I'm having one of those bad days. One of those forget everything I learned in therapy days, one of those days where I can't see past the sadness, where the volume of that ugly inner dialog turns up and up and I can't shut it down. I was cornered by a woman in a social setting over the weekend, who had apparently noticed Jon. She remarked "oh my goodness, is THAT guy with YOU?" after confirming that yes, her suspicions were correct, she proceeded to go on and on about how LUCKY I was to be with him. "Oh my goodness, he's so CUTE and well dressed and charming, you're SO LUCKY, oh my GOD, you are SO LUCKY, I'm not trying to be weird, I mean I have a boyfriend, but DAMN you are LUCKY!!" she repeated herself for emphasis, multiple times, as if I hadn't gotten the point.
I'm upset I let this bother me. I'm upset that I can't stop hearing her voice, repeating. If you're finding it difficult to understand why this affected me so much, let me further explain. Telling me that I am so incredibly fortunate to be with my partner, in the way she did, implies a couple different things; the most hurtful is that I am lucky because I am not deserving of Jon. Without any prior knowledge or understanding, based primarily on superficial observation, she made a judgment about my own worth versus that of my partner...and had the audacity to TELL ME.
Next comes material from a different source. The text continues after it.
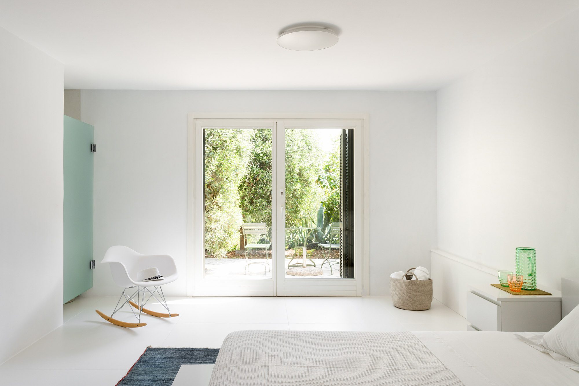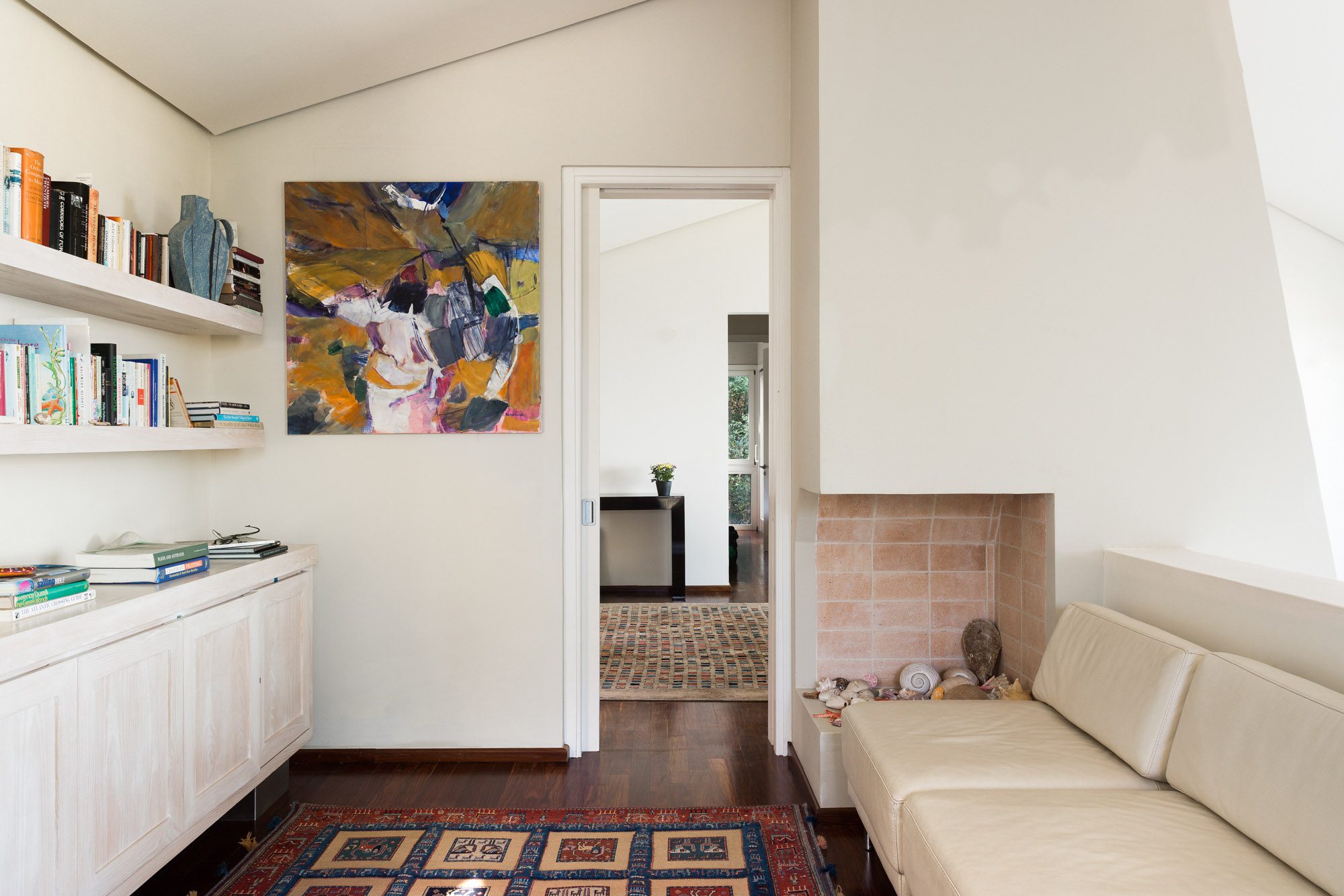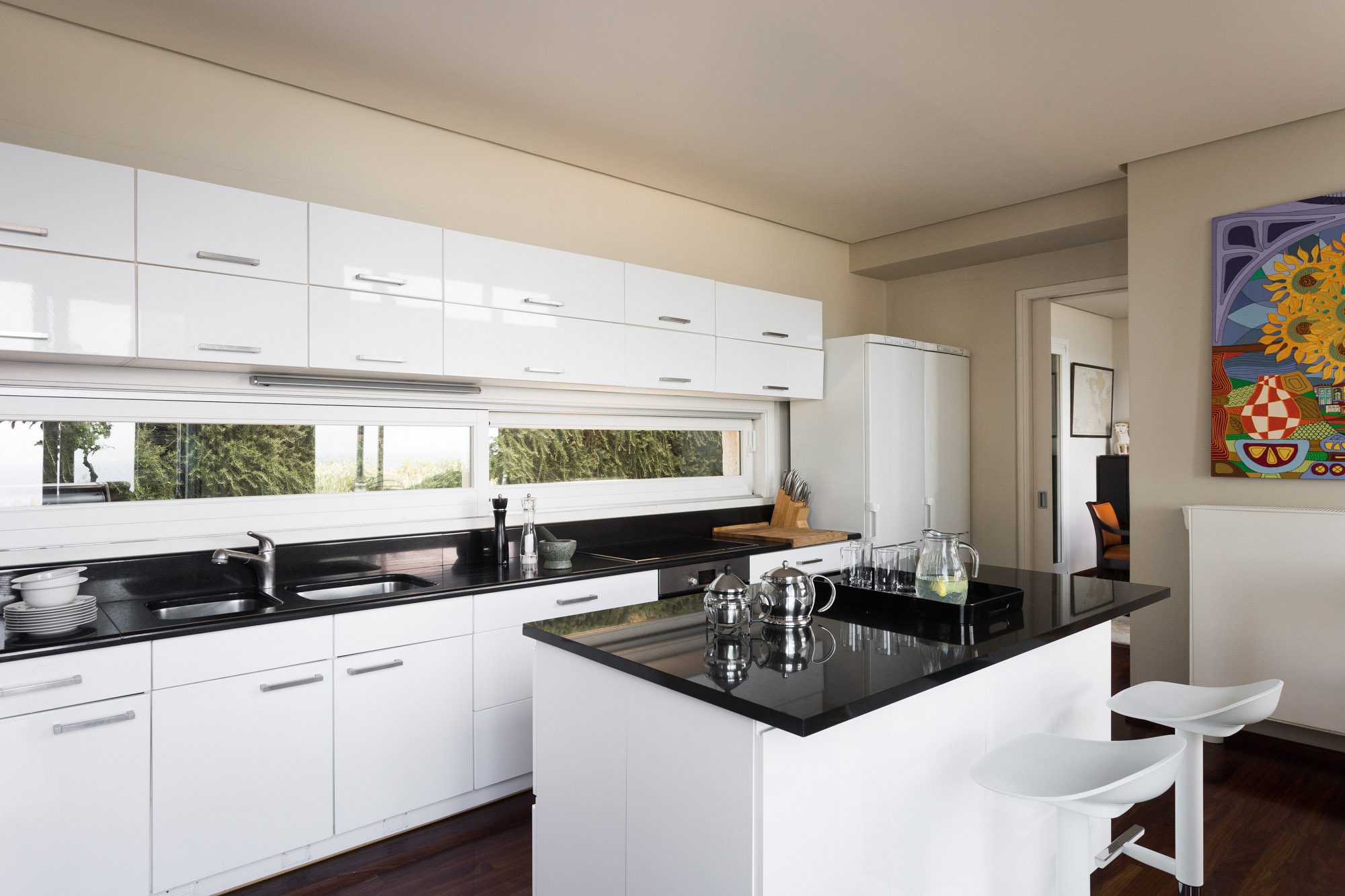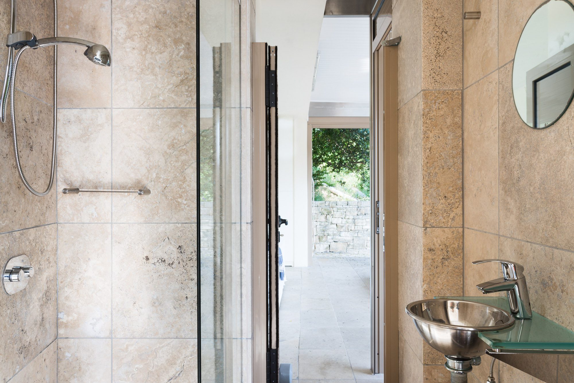 The interiors are chic and minimalist, decorated in neutral colours, with modern art adorning the walls and sleek contemporary furniture. The bedrooms are split across the main house and annexe; below the house is a gym, and one of the bedrooms is perfect for teenagers. There's also a study and a well-equipped kitchen.
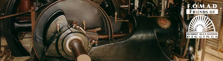 Rejuvenated "Ruby", the Ruston & Hornsby gas suction engine used by the late Alf Cocks to pump water for his sluicing operations at the Forest Creek Historic Gold Diggings site in Wesley Hill. ìSheî is now powered by an electric motor driving the massive 5 ton flywheel and two huge pistons. (small pic of the engine Ruby.jpg) |

She seemed friendly enough, and it's possible she didn't realize the extent of what she was actually saying. My point here, and the reason I posted this image, is that we need to be mindful and considerate of each other, now more than ever. We can't just speak without thought, we can't act without clear intention. She certainly had no way of knowing she was speaking to someone recovering from deeply painful body image issues, someone struggling with self worth, with depression. But what was her point? Was I supposed to take it as a compliment? Should I have agreed, insulting myself in the process? Instead I was polite, I smiled, and I internalized it..and I'm back to this place that I've worked hard to avoid. I will recover, sure. But why speak at all, unless it is with kindness, consideration...tenderness?